If you're spawning processes on every request, then that means you're using the prefork MPM. Keep in mind that when the OS reports memory usage for each of these processes, not all that memory is wired, a lot of those processes are idle. And when you're talking about speed, you're concerned more with request parsing and internal code branches for a given request (how much processing is the server doing?) than with memory usage reported by the OS.
For example, if you enable something like mod_php, then each of those worker processes is going to instantly go up by about 20-40M (depending on what's enabled in your PHP interpreter), but that doesn't mean Apache is using that memory on static requests. Of course if you're optimizing your server for maximum concurrency on small static files, then enabling mod_php would still be very bad, you're not going to be able to fit nearly as many prefork processes into RAM.
I probably could come up with a "nightmare configuration" for Apache that would make it actually slower serving static files than proxying those requests to a backend Lighttpd, but it would involve enabling expensive features like .htaccess in Apache that are disabled in Lighttpd, so it wouldn't really be fair.
If you still have the power to serve static and dynamic content from the same machine (as they in your referenced article do), then I really see no point in that setup.
Maybe it does reduce the Load of Apache, because it doesn't have to do IO to the disk, but it will increase the Load of Lighttpd on the same machine and thus reducing the available load to apache ...
Maybe Lighttpd IO access is lighter, than that of Apache 1.3, but why not just switch to Apache 2 or Lighttpd completely? And if the performance really start to suck, host the static files on another machine (media.yourdomain.com).
I small introduction to how you can make a performant setup is found here:
Deploying Django -> scroll to Scaling some page before the end
I don't know much about internal workings of Apache, but one explanation I've seen is about memory pressure. In short, Apache tries to balance the memory it uses for caching and for dynamic pages; but usually ends up with too much cache and too little for apps. If you separate them to different processes, each one will optimize for the kind of load.

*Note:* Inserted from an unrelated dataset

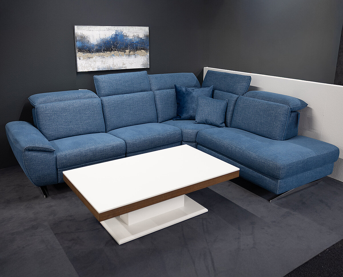 Die Eckgruppe bietet grosszügig Platz zum Sitzen und Liegen und wirkt durch den kühlen Blauton modern, aber dennoch wohnlich. Die weich gepolsterten Armlehnen unterstützen eine entspannte Sitzposition. Die Kopfstützen sind einzeln verstellbar und erlauben dadurch eine angenehme Rücken- und Nackenunterstützung auch bei längerem Sitzen.
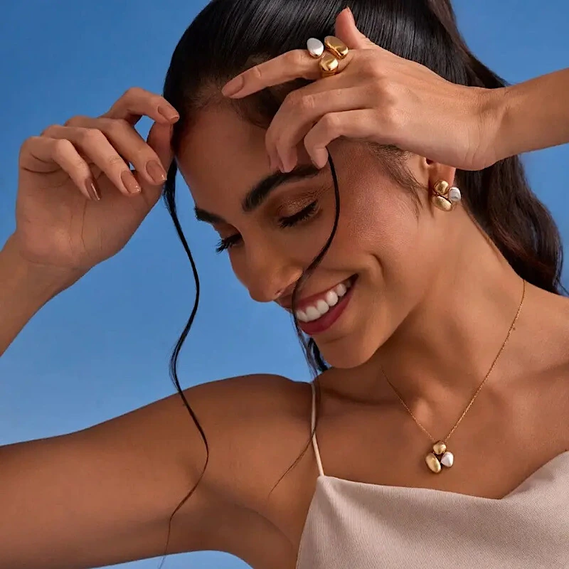- Mix de banhos (ouro, ródio e rosé) para harmonizar com outras joias e criar composições modernas.

Currently, what I'm doing is using nginx as front end. It's really fast and light, and specifically designed as a frontend proxy; but also serves static files. In fact, since it can also call FastCGI processes, you could get rid of Apache and still get the benefits of split file/app processes. (and there's some extra memcached magic that looks absolutely genius)
(Yes, lighttpd can also be used as frontend to Apache and/or FastCGI)
You don't have an Apache process spawned for each request - static files (images and the like) are fetched directly by lighttpd.
Use Apache MPM Worker fastcgi this will lower you server memory usage. MPM worker serves static content better then Prefork and is nearly on par with lighttpd when it comes to static content.